** Opening RECORD EXTRACTS block **

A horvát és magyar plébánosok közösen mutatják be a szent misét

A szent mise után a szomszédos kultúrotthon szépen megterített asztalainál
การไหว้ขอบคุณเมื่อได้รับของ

** Closing RECORD EXTRACTS block **
** Opening RECORD EXTRACTS block **

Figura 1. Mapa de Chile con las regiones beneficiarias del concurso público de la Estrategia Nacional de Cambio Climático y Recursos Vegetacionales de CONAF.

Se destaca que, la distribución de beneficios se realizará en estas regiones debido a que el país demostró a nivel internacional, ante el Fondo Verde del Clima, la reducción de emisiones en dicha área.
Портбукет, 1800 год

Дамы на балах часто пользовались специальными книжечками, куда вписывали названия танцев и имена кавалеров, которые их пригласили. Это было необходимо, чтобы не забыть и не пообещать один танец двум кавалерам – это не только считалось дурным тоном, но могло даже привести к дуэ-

** Closing RECORD EXTRACTS block **
** Opening RECORD EXTRACTS block **

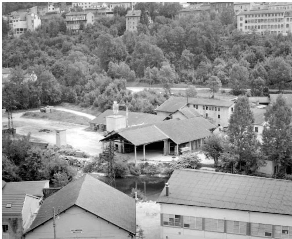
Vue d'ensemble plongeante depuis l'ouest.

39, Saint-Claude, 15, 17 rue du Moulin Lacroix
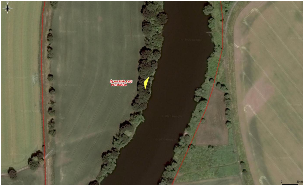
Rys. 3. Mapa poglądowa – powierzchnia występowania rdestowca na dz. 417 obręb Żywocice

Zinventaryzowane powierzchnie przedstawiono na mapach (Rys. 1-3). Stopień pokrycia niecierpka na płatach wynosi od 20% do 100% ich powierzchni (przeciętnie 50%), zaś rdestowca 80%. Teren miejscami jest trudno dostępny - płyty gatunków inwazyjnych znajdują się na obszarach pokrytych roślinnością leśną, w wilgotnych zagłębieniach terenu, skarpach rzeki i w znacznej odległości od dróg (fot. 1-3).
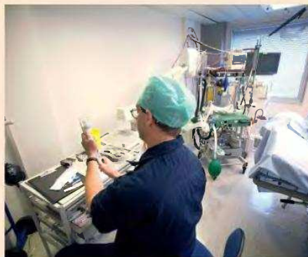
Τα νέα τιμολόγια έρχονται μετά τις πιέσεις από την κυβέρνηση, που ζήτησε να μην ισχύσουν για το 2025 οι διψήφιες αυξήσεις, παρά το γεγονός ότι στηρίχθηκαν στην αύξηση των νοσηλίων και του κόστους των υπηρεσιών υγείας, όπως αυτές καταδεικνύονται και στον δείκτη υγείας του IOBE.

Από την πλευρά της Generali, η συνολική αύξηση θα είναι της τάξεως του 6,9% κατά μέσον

** Closing RECORD EXTRACTS block **

* [TASK INSTRUCTIONS]:
From the line that has "A szent mise" through the line that has "การไหว้ขอบคุณเมื่อได้รับของ", copy every line exactly as it appears above, and leave out all others.

* [TASK OUTPUT]:
A szent mise után a szomszédos kultúrotthon szépen megterített asztalainál
การไหว้ขอบคุณเมื่อได้รับของ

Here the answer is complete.